If I hear a noise at night and go investigate, I am most likely going to be holding the flashlight around above waist level slightly forward. Like a non-tacticool person would. It's more natural to me. It's the same arm and hand position as grabbing a door knob to open it. And if I do have to open a door, my shooting hand will stay up and ready and my flashlight hand will grab the door knob. If I have to acquire a sight picture of my target while moving across the room and falling on the floor, I can't say I'm special enough to coordinate all my movement to avoid catching a little light in my face from my own flashlight. I just think it would be less likely (not guaranteed) if I were shinning the light down than up. Besides, if I were out in my backyard, shinning the light up won't help.

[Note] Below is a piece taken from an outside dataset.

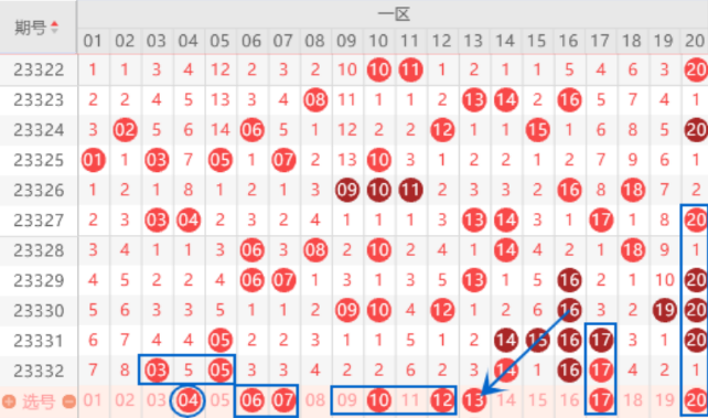 本期的01 04 07号数字我们注意一下,他们是属于1路号码,已经遗漏3期了,本期应该是要出号了,我们可以重点关注一下。本期的06 07号数字我们要注意一下,本期落下一个号码的情况是很大的。连号空一带号09 10 12号数字本期要回补号码了,我们要注意了,有机会回补两个号码的。本期的13号数字是属于斜4连号码,出号机会还是有的。本期的17号数字我们注意一下出3重的情况。本期的19 20 21号数字我们要注意一下出现一个号码的情况。

If I was ever in a situation where someone is breaking in or has broken into my house, I still prefer a rail mounted laser/light combo.


----------



## JeffWard (Aug 24, 2007)

A little late on this loop... but my two cents.

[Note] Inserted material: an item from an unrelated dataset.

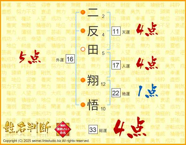 二反田翔悟さんの総運は33画の4点!

1) We'll assume it is a home invader.
2) We'll assume I've already yelled at the guy down stairs, telling him "I'm armed, and to get the F___ out of my house!"
3) Now we're assuming he hasn't already left, and he's willing to die for what he came for....

Now... The flashlight...

1) I have always trained myself to shoot defensively one handed. It's all inside 20 feet, and my left hand is often quite busy w/ doors, curtains, lights, or my loved ones. And I'm a much smaller target from the side.
2) I know every inch of my house in the dark. He doesn't. Why help him?
3) I have a laser on my home defense weapon, and above average night vision...

The giant Mag light is in my left hand, light off. The gun is in my right hand, with the laser off. If I can't identify my target in the dark, he gets the light. If I can... he gets the laser. If he's dumb enough to do anything other than flee, or drop everything and give up, he gets the lead.

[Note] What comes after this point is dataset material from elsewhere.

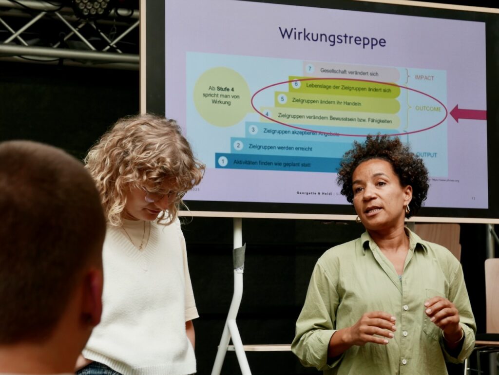Um das zu prüfen, formulieren wir Lernziele, evaluieren unser Projekt kontinuierlich und entwickeln es auf Basis der gewonnenen Erkenntnisse stetig weiter. In diesem Jahr haben wir unsere Wirkungslogik und die damit verbundenen Ziele erstmals in einem Wirkungsbericht zusammengefasst.

If you're dependant on "Weaver Technique" you are 1) presenting a bigger target, 2) unable to shoot effectively if you've taken a hit to either arm, 3) unable to move obstacles and find your way in the dark, and 4) taking too damn much time to shoot from anything other than a conventional position.

If you are depending on a self-defense weapon without a laser... you're just plain nuts. Evolve... lol

I shoot very well, at the range for score, with iron sights, BTW.

If you're shooting back, I don't have to find any front blade. I can hit you100% of the time from around the corner in the mirror, from the hip, left handed.... if I can paint you, I can hit you. And my sight radius is 15-20 FEET! I can chose which ventricle to punch if you give me 2 seconds.

Just my two cents... okay, maybe a buck 50...

Jeff


----------



## SemoShooter (Jul 5, 2007)

I took a low light tactical class this weekend. If you have never done this I suggest that you find a GOOD trainer and take a low light class. It will change many things that you THINK you would do to some tactical methods that will work.


----------